Start of The data

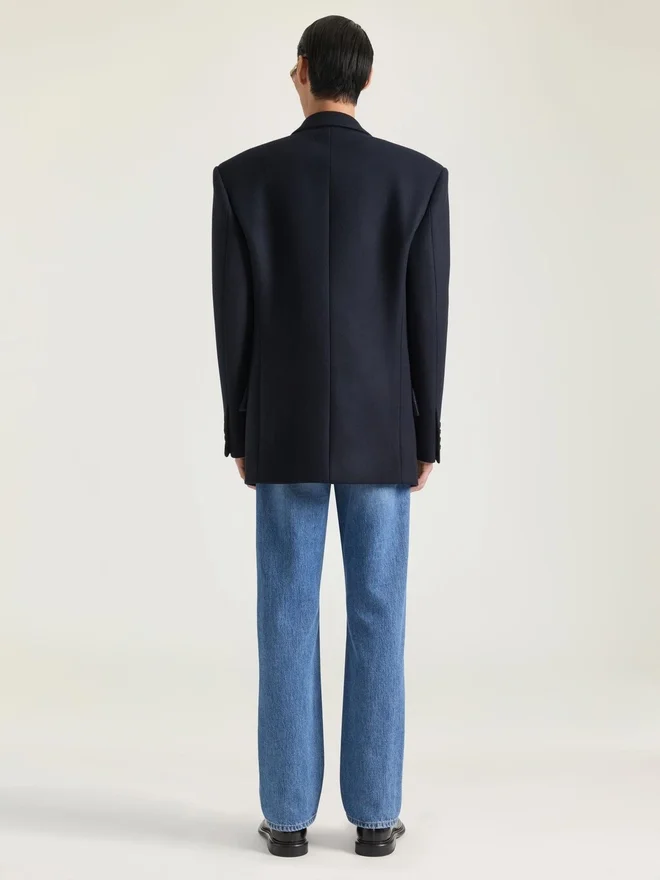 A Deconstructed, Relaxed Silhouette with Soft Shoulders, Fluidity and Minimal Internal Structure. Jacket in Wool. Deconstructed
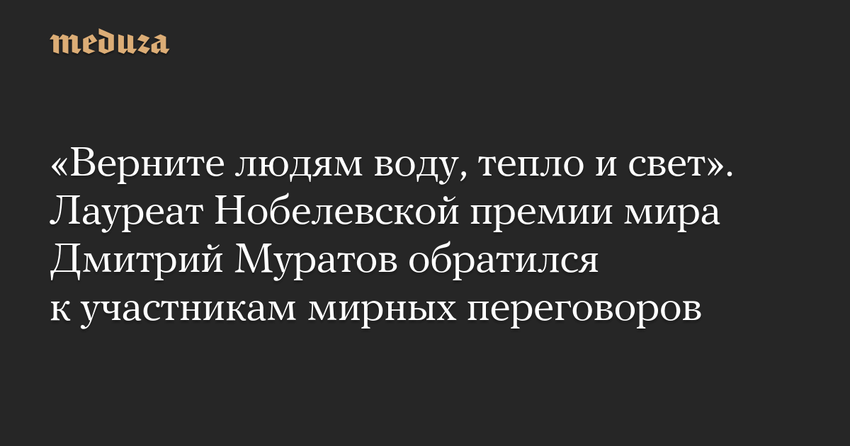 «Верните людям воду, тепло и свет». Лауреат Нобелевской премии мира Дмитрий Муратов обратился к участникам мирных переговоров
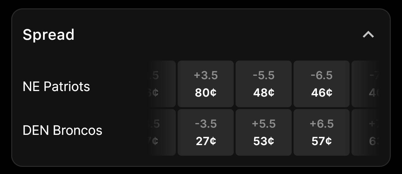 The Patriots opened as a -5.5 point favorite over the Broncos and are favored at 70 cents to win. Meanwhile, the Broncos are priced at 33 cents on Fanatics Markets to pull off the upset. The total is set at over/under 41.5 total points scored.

End of The data

**Your assignment**.
Write out the whole listing above exactly; do not include the pictures.

**Result**.
 A Deconstructed, Relaxed Silhouette with Soft Shoulders, Fluidity and Minimal Internal Structure. Jacket in Wool. Deconstructed
 «Верните людям воду, тепло и свет». Лауреат Нобелевской премии мира Дмитрий Муратов обратился к участникам мирных переговоров
 The Patriots opened as a -5.5 point favorite over the Broncos and are favored at 70 cents to win. Meanwhile, the Broncos are priced at 33 cents on Fanatics Markets to pull off the upset. The total is set at over/under 41.5 total points scored.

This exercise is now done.